How to Cure Cannabis? | Drying and Curing Fast

After months of hard work carefully tending your plants, you’ve finally harvested a crop of frosty, fragrant cannabis buds that you just can’t wait to try. But first, they need to be dried. While you may be tempted to dry your cannabis as quickly as possible, curing, a prolonged process of removing moisture from the flowers under controlled environmental conditions, will provide a much better product for multiple reasons.

As you’ll be well aware, cannabis plants produce varying levels of tetrahydrocannabinolic acid (THCA) and a number of other cannabinoids such as CBD and CBN. These compounds gradually transform over time, with THCA eventually becoming converted into THC through a process of biosynthesis as your plant grows.

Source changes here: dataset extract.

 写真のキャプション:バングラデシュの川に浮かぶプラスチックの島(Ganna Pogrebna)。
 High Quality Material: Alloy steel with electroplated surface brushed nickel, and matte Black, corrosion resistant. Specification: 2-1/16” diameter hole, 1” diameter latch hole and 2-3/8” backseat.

Interestingly, this process of biosynthesis continues after you decide to cut down your plant and, fortunately for THC lovers, the non-psychoactive cannabinoids in your buds will begin to convert into THCA when kept in the right conditions. Namely, this means keeping them at temperatures that fall between 60°F and 70°F and humidity levels of 45% to no more than 55%.

Dry Your Cannabis In A Climate Controlled Room For Success

Drying is as important as growing, and a bad drying process can ruin even the best buds. Drying marijuana means reducing the water content of the buds to 10-15%, depending on the desired crispiness of the final product.

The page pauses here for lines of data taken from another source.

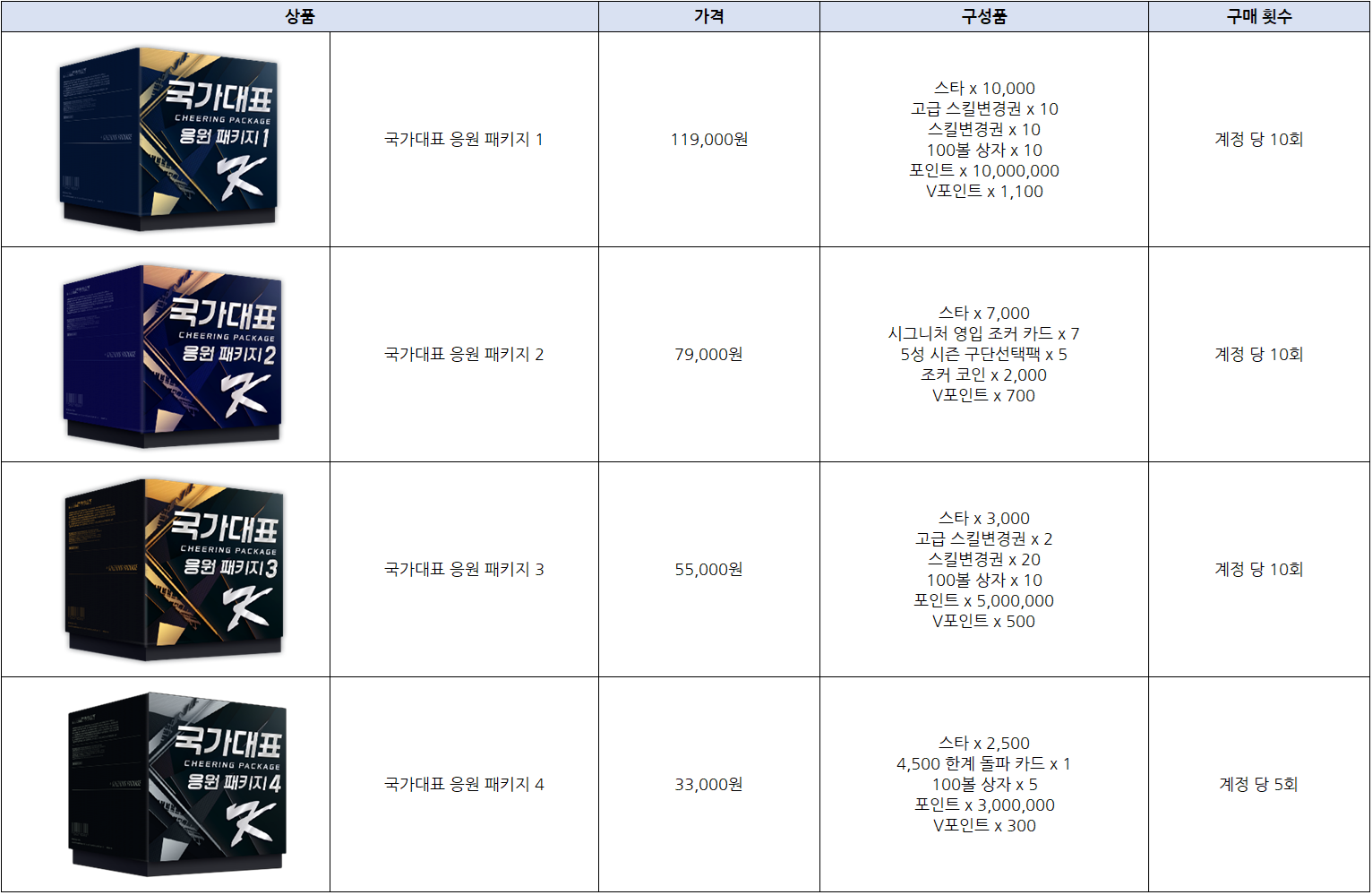 국가대표 응원 패키지가 11/13(목) 00:00 이후 부터 판매될 예정입니다.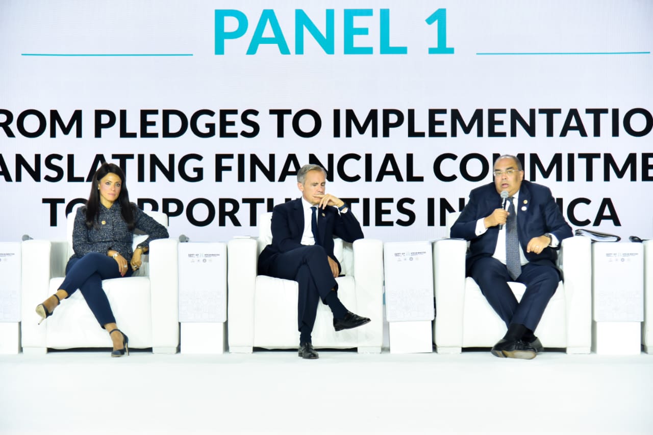 جاء ذلك خلال كلمته التي ألقاها بجلسة حول "الانتقال من التعهدات الى التنفيذ والتطبيق العملي وتحويل الالتزامات المالية الى فرص بافريقيا " بحضور وزيرة التعاون الدولي الدكتورة رانيا المشاط و المبعوث الخاص للأمم المتحدة المعني بالعمل والتمويل المناخي مارك كارني، والدكتورة كيري آن جونز ، نائبة الأمين العام لمنظمة التعاون الاقتصادي والتنمية؛ والدكتورة زينب شمسنا أحمد وزيرة المالية والتخطيط القومي بنيجيريا، وجاءت الجلسة ضمن فعاليات اليوم الأول لمنتدى مصر للتعاون الدولي والتمويل الانمائي واجتماع وزراء البيئة والاقتصاد والمالية الافارقة تحت رعاية رئيس الجمهورية الرئيس عبد الفتاح السيسي.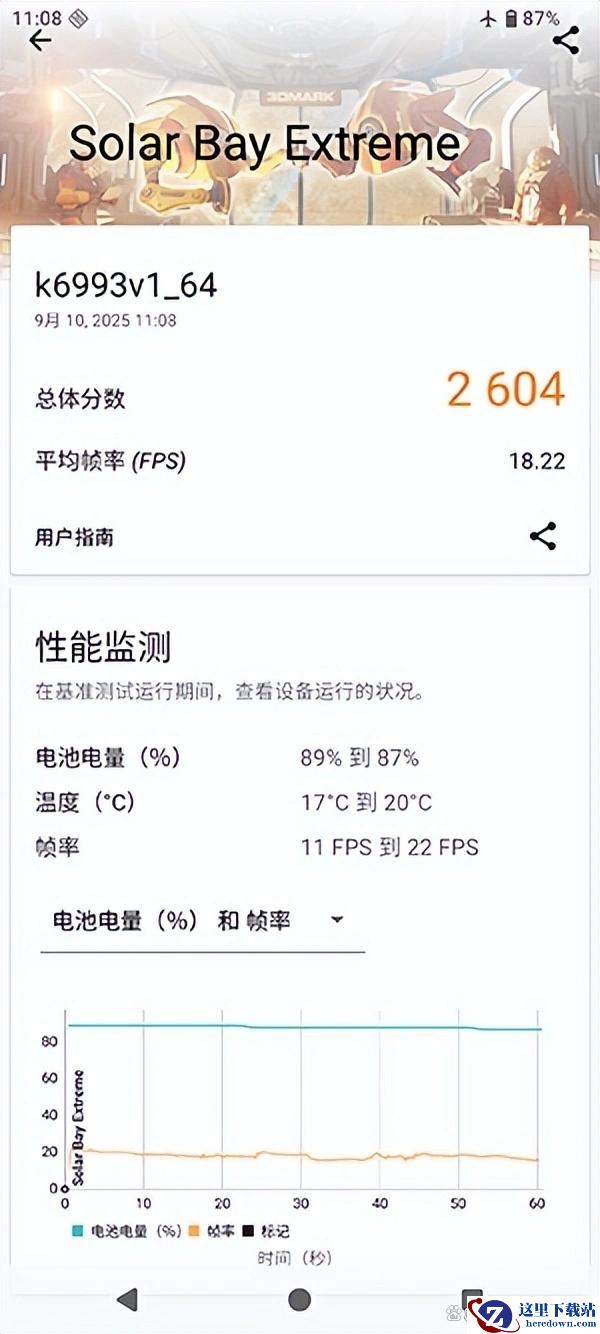 天玑9500在3DMark的Solar Bay Extreme光线追踪测试中,得分2604,帧率11-22FPS,平均帧率18.22,较前代提升超过50%。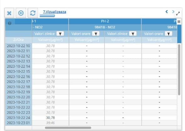 La dioxidul de azot au existat raportări doar în stațiile Ph1, PH6 și PH7, în timp ce, pentru celelalte stații de monitorizare, nu există parametri raportați.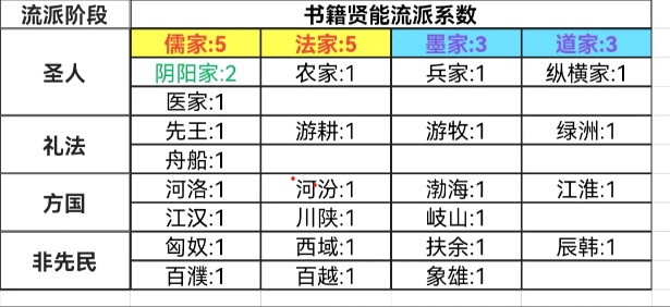 贤能:贤能上限(帝爵12万,王9万,公7万,侯5万,伯3万,子1万)贤能的增长靠"贤人":门客、朝臣(内朝、三公九卿、客卿等),太学(国族阶段,不是指太学生,是指太学官员)、郡府(即郡守,圣人阶段、国族阶段都行)、卿族.游士等贤能可以使用学派推演{学府一学派推演一发起一国老献诗一确认发起#

Most commercial growers do not cure their crop; they just dry it and sell it. Curing is a long but necessary step toward the highest possible quality of the smoke. For the real connoisseur, curing is the essence of it all, the culminating moment towards the perfect result.

There are many ways to cure and dry, but the method I like best is to use a climate-controlled room.

The Conventional Method to Cure Cannabis

All you need to have for this step is a few vacuum-sealed Kilner jars. They are easily available in the market so you won’t have any problem in finding them. You can also use jam jars or mason jars if they are air-tight and are properly sterilized.

Once your buds pass the snap test and are dry to the touch, gather all the buds you can by snapping them off the branches. Now, open the jars and start filling the 2/3rd of the jars with these buds. Do not close the lid or clamp it down in case of Kilner jars. Instead, keep it loose and store in a dark cool place.

Dry rack
Depending on how you intend to dry your buds, you may need a Dryer Rack, which we’ll go into more detail about below. This is definitely not the preferred method because it’s easy to misshape your buds, but it may be necessary if working in higher humidity environments.

ALTERNATIVE: GO LIVE
Using fresh frozen flowers rather than carefully dried and cured buds is the breakthrough US extract artists have made to produce gourmet concentrates with far more terpenes.

The cannabis must be kept at subcritical temperatures for the entire extraction process and you really need lab conditions and equipment such as rosin press to accomplish this.

Long term storage
For long-term storage (months), buds should be kept in air-tight weed containers (the wide-mouthed mason jars they’ve been curing in are perfect) and placed in a cool, dark environment.

For serious long-term storage (6 months or more), you may want to consider vacuum sealing your buds, or even better, storing them in your freezer in tightly packed mason glass jars!